EXAMINING NETWORK TOPOLOGY
Regardless of data representation, networks of interconnected biomolecules in the cell and the concept of the human diseasome offer an opportunity for data analyses that aim to increase our understanding of why particular diseases co-manifest their phenotypes more often than others. The hope is that variants of network representation of these data and the new tools for their analyses will lead to novel approaches for disease diagnosis and treatment and aid drug discovery [83]. Even though only ∼10% of human genes have a known association to diseases [84], such limited knowledge about disease genes has still yielded insight into the link between network topology around a gene and its involvement in disease.
Since proteins are the main workhorses of the cell and they aggregate to perform a function, PPI networks have been analysed to elucidate cellular processes and disease. Early studies tried to use very simple methods to analyse PPI networks and link their topology to biological function [85–92]. For example, it was noticed that essential genes in early PPI networks of baker’s yeast obtained by Y2H methods tend to code for hub proteins [85], which was later refuted on more recent PPI data [93]. Also, it was postulated that there is a negative correlation between the connectivity of a gene and its rate of evolution and concluded that hub-coding genes are older and tend to evolve more slowly than non-hub-coding genes [86–88]. The number of phenotypic outcomes upon the removal of hub-coding genes has also been examined [55,89]. Similarly, 346 cancer-related proteins have been shown to have, on average, two times more direct interacting partners than non-cancer-related ones [91].

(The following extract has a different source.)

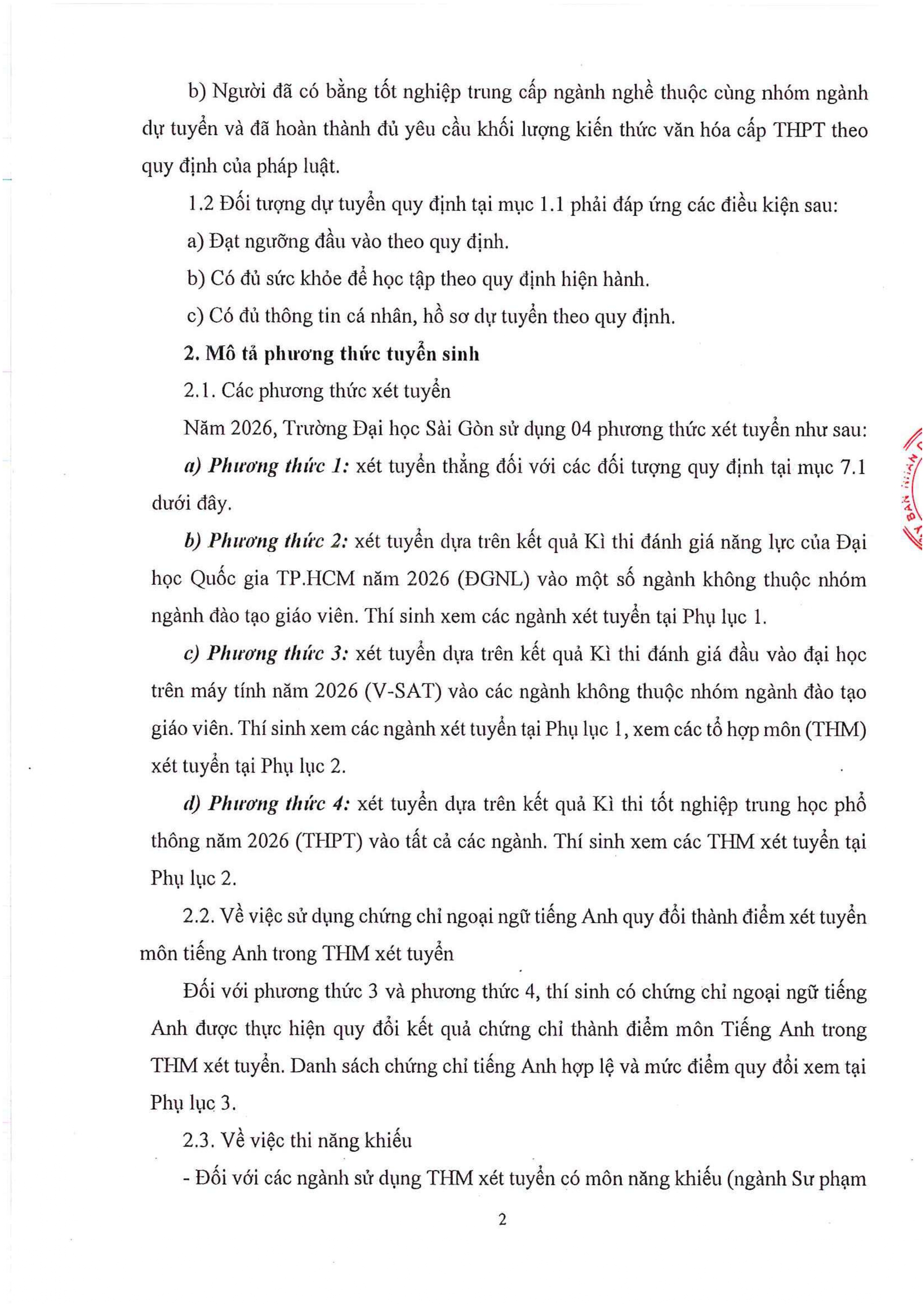 Năm 2026, Trường Đại học Sài Gòn sử dụng 04 phương thức xét tuyển như sau:

However, using such simple analysis methods on noisy data that are obtained by biased data collection and sampling may lead to questionable conclusions [46–55].

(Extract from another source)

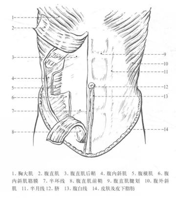 腹壁上界为剑突和肋缘;下界为耻骨联合、腹股沟韧带及髂嵴;外侧界从肋缘垂直下行至髂嵴最高点之连线。由剑突向下过脐到耻骨联合的正中线为腹白线,是两侧腹直肌鞘的汇合线。半月线由腹直肌外缘形成,以第9肋软骨前端伸展至耻骨结节,呈略向外凸的弧度。两侧髂前上棘连线与正中线相交处为脐。[1]

Hence, more sophisticated methods that give consistent results even in the presence of noise in the data have been designed.
Rather than looking at the network as a whole on a global, ‘macroscopic’ level, the local, ‘microscopic’ topology of networks has been examined. ‘Network motifs’, small sub-graphs that occur in real networks much more often than is expected at random, have been introduced to examine the structure of complex networks [94]. They enabled systematic detection of repeated appearances of topological substructures in Escherichia coli transcriptional regulation network and related them to specific biological responses to external signals [95]. However, since by definition motifs need to be over-represented in the data when compared to random graph models, the question is what models are the best fitting to real biological networks. This problem cannot be answered exactly due to NP-completeness (i.e. provable computational intractability) of the underlying sub-graph isomorphism problem that test whether one network exist as a copy in another network [56]. Hence, various methods for approximately comparing [96–98] and aligning [99–107] networks have been proposed.

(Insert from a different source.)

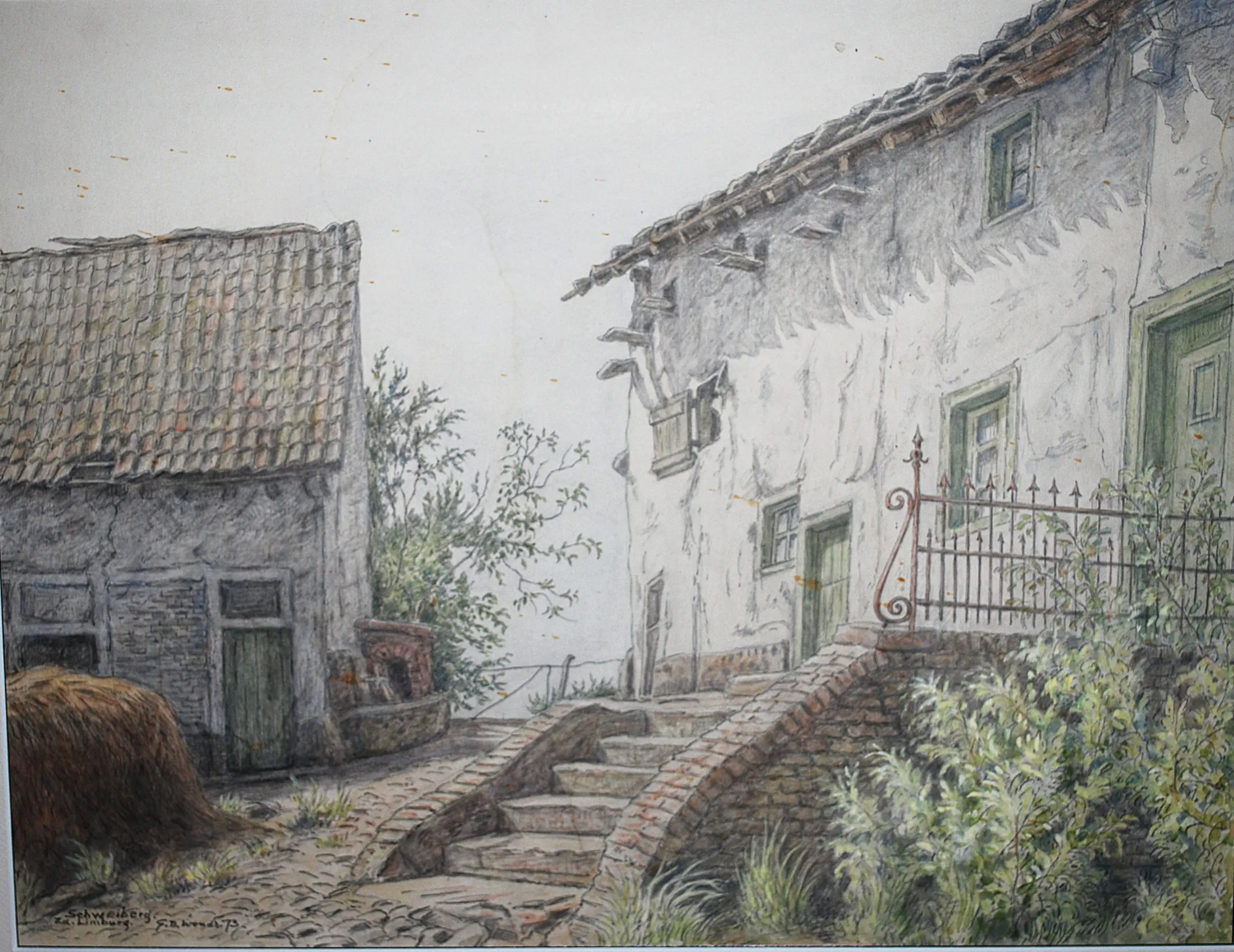 het geheel is in zeer goede gebruikte staat. Het blad heeft her en der aquarelvlekjes (meest oranje) wat tijdens het schilderen zal zijn gebeurd.

‘Graphlets’ have been designed to further strengthen the bond between network topology and biological function and disease: they are small sub-graphs of large networks that do not need to be over-represented in the data (Figure 2) [96,98]. The statistics of frequencies of appearance of graphlets in entire networks, or around nodes in network have been used to classify networks into models [96,98], as well as to link the topology around a node in a network with the node’s biological function and involvement in disease: proteins with similar wiring up to a four-deep neighbourhood (Figure 3) were shown to belong to the same protein complexes, perform the same biological functions, are localized in the same sub-cellular compartments, and are co-expressed in tissues [108–113]. Furthermore, clustering of nodes based solely on graphlet-based topology of human PPI networks was used to successfully predict RNAi targets as novel components of melanogenesis regulatory pathways that could not have been identified by other existing approaches [111]. Similarly, involvement of genes in cancer was successfully predicted and validated both through literature curation and experimentally, thus providing evidence that topological wiring around cancer genes differs from wiring around non-cancer genes [113].
Figure 2:
Graphlets with up to five nodes. There are 30 of them, G0, G1, G2, … G29, and they contain 73 topologically unique node types, which are called ‘automorphism orbits’. Nodes belonging to the same orbit are of the same shade [98].
Figure 3:
An illustration of the graphlet degree vector (GDV) of node v. GDV represents one way in which graphlets can be used to describe topology around a node. GDV(v) = (2,1,1,0,0,1,0 … ,0), meaning that v is touched by two edges (Orbit 0, illustrated in the left panel), an end-node of one graphlet G1 (Orbit 1, illustrated in the middle panel), the middle node of one graphlet G1 (Orbit 2, illustrated in the left panel again), no nodes of a triangle (Orbit 3 in graphlet G2), no end-node of graphlet G3 (Orbit 4), one middle node of graphlet G3 (Orbit 5, illustrated in the right panel), and no other orbits. In this way, GDV essentially ‘quantifies’ the four-level-deep topological environment of a node.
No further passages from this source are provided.